Jenna Nikolaides, MD, a medical toxicologist at the Illinois Poison Center, Chicago, agreed that differences in how the data are reported n Canada and the United States may have led to the seeming spike.
She said the experience in the United States has been similar to that in Canada, but pioneering states such as Colorado introduced recreational drugs all at once rather than phasing them in.
“It was like the Wild West, with smoking, vaping, and edibles all introduced at once,” said Nikolaides, who also is assistant professor of emergency medicine at Rush University Medical Center, Chicago. “There was a huge explosion of unintended consequences, including pediatric poisonings.”
Nikolaides said evidence-based regulations typically were not used in the introduction of recreational cannabis, so lessons have been learned the hard way.
Myran stressed the challenge of regulating legal cannabis in Canada and elsewhere.
“In many ways, the goals of the Cannabis Act [which legalized the drug in 2018] are in opposition: eliminate the illicit market but avoid health impacts, such as poisonings or increases in youth cannabis use. If you make cannabis products too accessible or appealing, you can end up with a scenario where you will see greater youth cannabis use and increases in poisonings in very young children,” he said.
“The cannabis industry is interested in expanding sales as quickly as possible and replacing the illicit market,” Myran added. “It’s the role of government regulators to ensure that legal sales are not harming the health of the population, and that balance right now may not be adequately protecting very young children.”
Nikolaides said regulators in some states, such as Colorado, had to undergo legislative redos, such as banning gummy bears and prohibiting chocolate bar knockoffs that closely resemble branded sweets. “These are too enticing to children,” she said.
“Once they’ve been removed from their packaging, these products are identical to something very appealing to kids,” Myran said. “They look just like a cookie, just like soft candy. And a large number of children appear to be consuming them and coming to emergency departments”
Myran said Canada, like Colorado, may have to consider legislative revisions to prevent cannabis exposures.

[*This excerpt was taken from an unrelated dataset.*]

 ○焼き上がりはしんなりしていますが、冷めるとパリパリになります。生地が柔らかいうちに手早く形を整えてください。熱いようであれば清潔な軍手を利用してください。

Paul Armentano, deputy director of the National Organization for the Reform of Marijuana Laws (NORML), which has been pushing for reform of the cannabis legislation for more than 50 years, called the term poisonings “sensational” and preferred to call them “inadvertent exposures.”

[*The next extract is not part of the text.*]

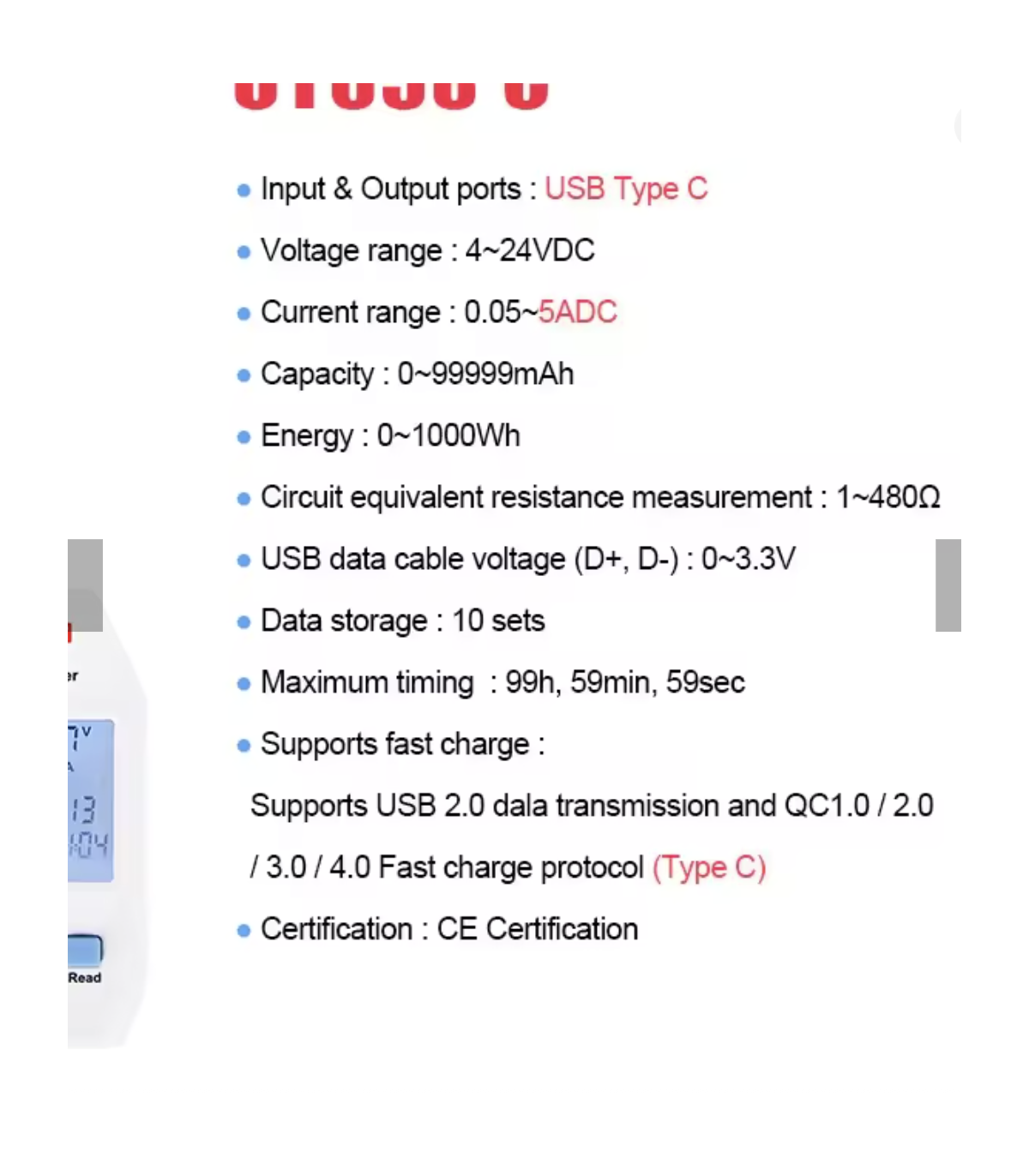 Function: Measures USB voltage, current, power, and capacity

“In general, inadvertent cannabis exposures resulting in either calls to poison control centers and/or hospitalizations certainly do occur, but it seems sensational to label these incidents as ‘poisonings,’ ” Armentano told Medscape Medical News. “Cannabis and/or THC exposure, regardless of quantity, is incapable of causing fatal overdose, and exposure to the substance itself does not result in the types of outcomes, such as organ failure and death, associated with the intake of traditionally toxic substances — like laundry detergent pods or alcohol.”
He stressed that little to no medical interventions are required in these cases, unlike traditional poisonings, in which children inadvertently consume alcohol or laundry detergent pods.
The researchers have disclosed no relevant financial relationships.
JAMA Netw Open. Published online January 7, 2022. Full text
Howard Wolinsky is a medical writer in Chicago.